Нет, она не знает, в городе Роза или нет.
Нет, она ничего не слышала. А если б и слышала, ему бы не сказала. Потому что, если быть с ним до конца честной, она с ним вообще бы никогда не разговаривала.
– Ты, корова, – сказал он. – Молочные коровы всегда жвачку жуют.
– Даго!
Он побагровел, даже привстав с места.
– А ты – грязная белая сучка!
Она ахнула от ужаса и закрыла лицо руками.
Контрольные. К половине одиннадцатого он уже знал, что провалил геометрию. К полуденному звонку он еще сражался с письменным английским. Он оставался последним в классе – он да еще Герти Уильямс. Что угодно, лишь бы закончить раньше ее. Он плюнул на три последних вопроса, сгреб листки и сдал работу. В дверях гардероба оглянулся через плечо и победно ухмыльнулся Герти: ее светлые волосы встрепаны, зубки лихорадочно грызут кончик карандаша. Она глянула в ответ с такой невыразимой ненавистью, что глаза ее, казалось, говорили: ты у меня за это получишь, Артуро Бандини; ты меня еще попомнишь.

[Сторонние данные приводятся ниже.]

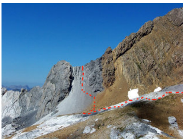
Vue depuis le Col Blanc sur l'itinéraire parcouru

Ensuite hum, les cairns se perdent, on tourne, on monte en pleine pente en direction N puis N-E, jusqu'à atteindre le Col des Gabietous 2935m. De là, chouette on laisse nos sacs pour faire les quelques mètres restant pour le premier sommet, le Gabietou Oriental à 3031 m ! La vue est sublime ... en particulier sur le Massif du Vignemale mais aussi sur le Taillon tout proche. Après quelques photos nous voilà partis à l'assaut de l'autre Gabietou (l'Occidental) qui nous semble tout près, mais après avoir fait plusieurs montées et descentes, on s'aperçoit qu'il est trop loin, impossible de rester en crête on fait donc un retour vers le Col. Une petite pause s'impose, on a tous bien faim ... 15 min top chrono ☺
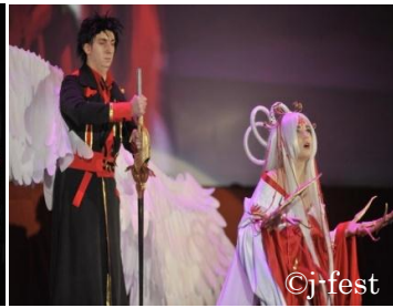
Всероссийский конкурс косплея
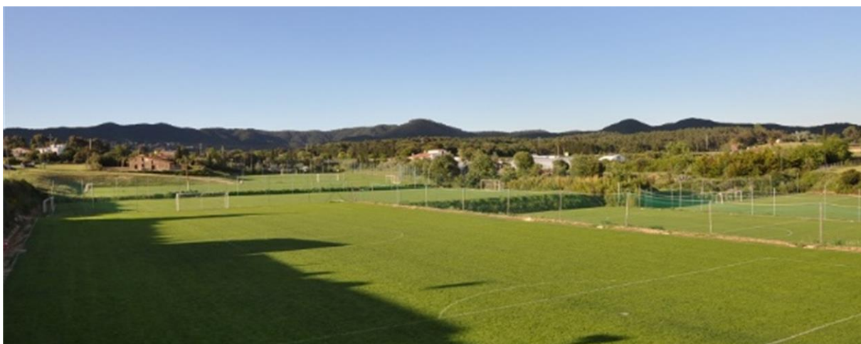
Träning på naturgräs finns mot tillägg.
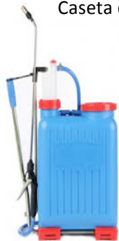
Mochila para tratamientos

Caseta de aperos en la que tendremos las herramientas de trabajo
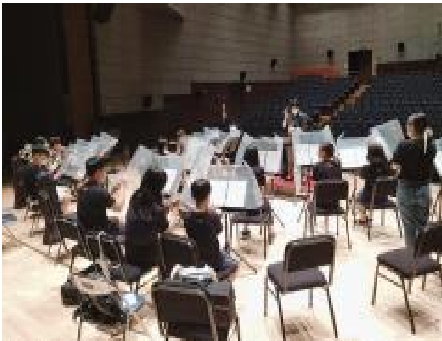
2020 금나래아트홀 집중교육 <여름캠프> 2020. 8. 7 13:00~18:00
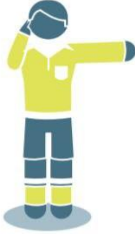
التحقق: الأصبع إلى الأذن مع مد اليد/ الذراع
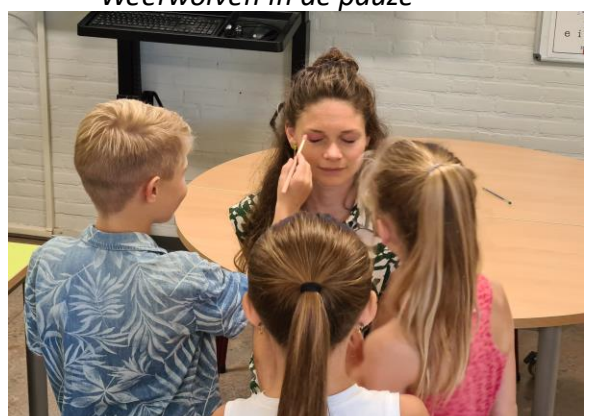
De make-up challenge
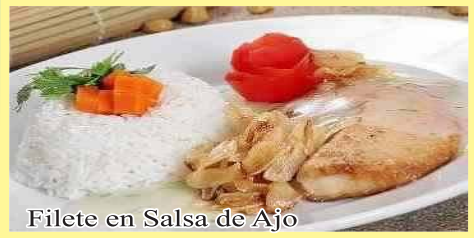
Filete en Salsa de Ajo

Filete de Pescado en su salsa al Ajo (Arroz blanco y yuca frita).

В два часа того же дня она отомстила.
Псссст, Артуро.
Ее записка упала на его учебник истории. Этот проблеск улыбки на лице Герти, этот дикий взгляд, челюсти, что даже двигаться перестали, – все подсказывало ему не читать записку. Однако ему стало любопытно.
Дорогой Артуро Бандини.
Некоторые люди – хитрее, чем нужно, а некоторые – просто иностранцы, и тут уж ничего не поделаешь. Ты можешь считать себя очень умным, но очень многие в нашей школе тебя ненавидят, Артуро Бандини. Но больше всех тебя ненавидит Роза Пинелли. Она ненавидит тебя больше, чем я, потому что я знаю, что ты – нищий итальянский мальчишка, и если ты все время выглядишь немытым, то мне все равно. Так вышло, что я знаю: некоторые люди, у которых ничего нет, будут красть, поэтому меня не удивило, когда кое-кто (угадай кто?) сказал мне, что ты украл драгоценности и подарил их ее дочери. Но она оказалась слишком честной и не смогла оставить их у себя, и мне кажется, она проявила свой характер, когда их вернула. Пожалуйста, не спрашивай меня больше о Розе Пинелли, Артуро Бандини, потому что она тебя терпеть не может. Вчера вечером Роза сказала мне, что она вся дрожала, такой ты был ужасный. Ты – иностранец, может быть, в этом-то все и дело.
угадай кто????
Он почувствовал, как его желудок от него уплывает, и на дрожащих губах заиграла кривая улыбка. Он медленно повернулся и посмотрел на Герти, у самого лицо глупое, жалко улыбнулся. В ее бледных глазах застыл восторг, сожаление и ужас. Он смял записку, осел на сиденье так глубоко, насколько позволяли ноги, и спрятал лицо в ладони. Если не считать рева сердца, он умер – не слышал, не видел, не чувствовал.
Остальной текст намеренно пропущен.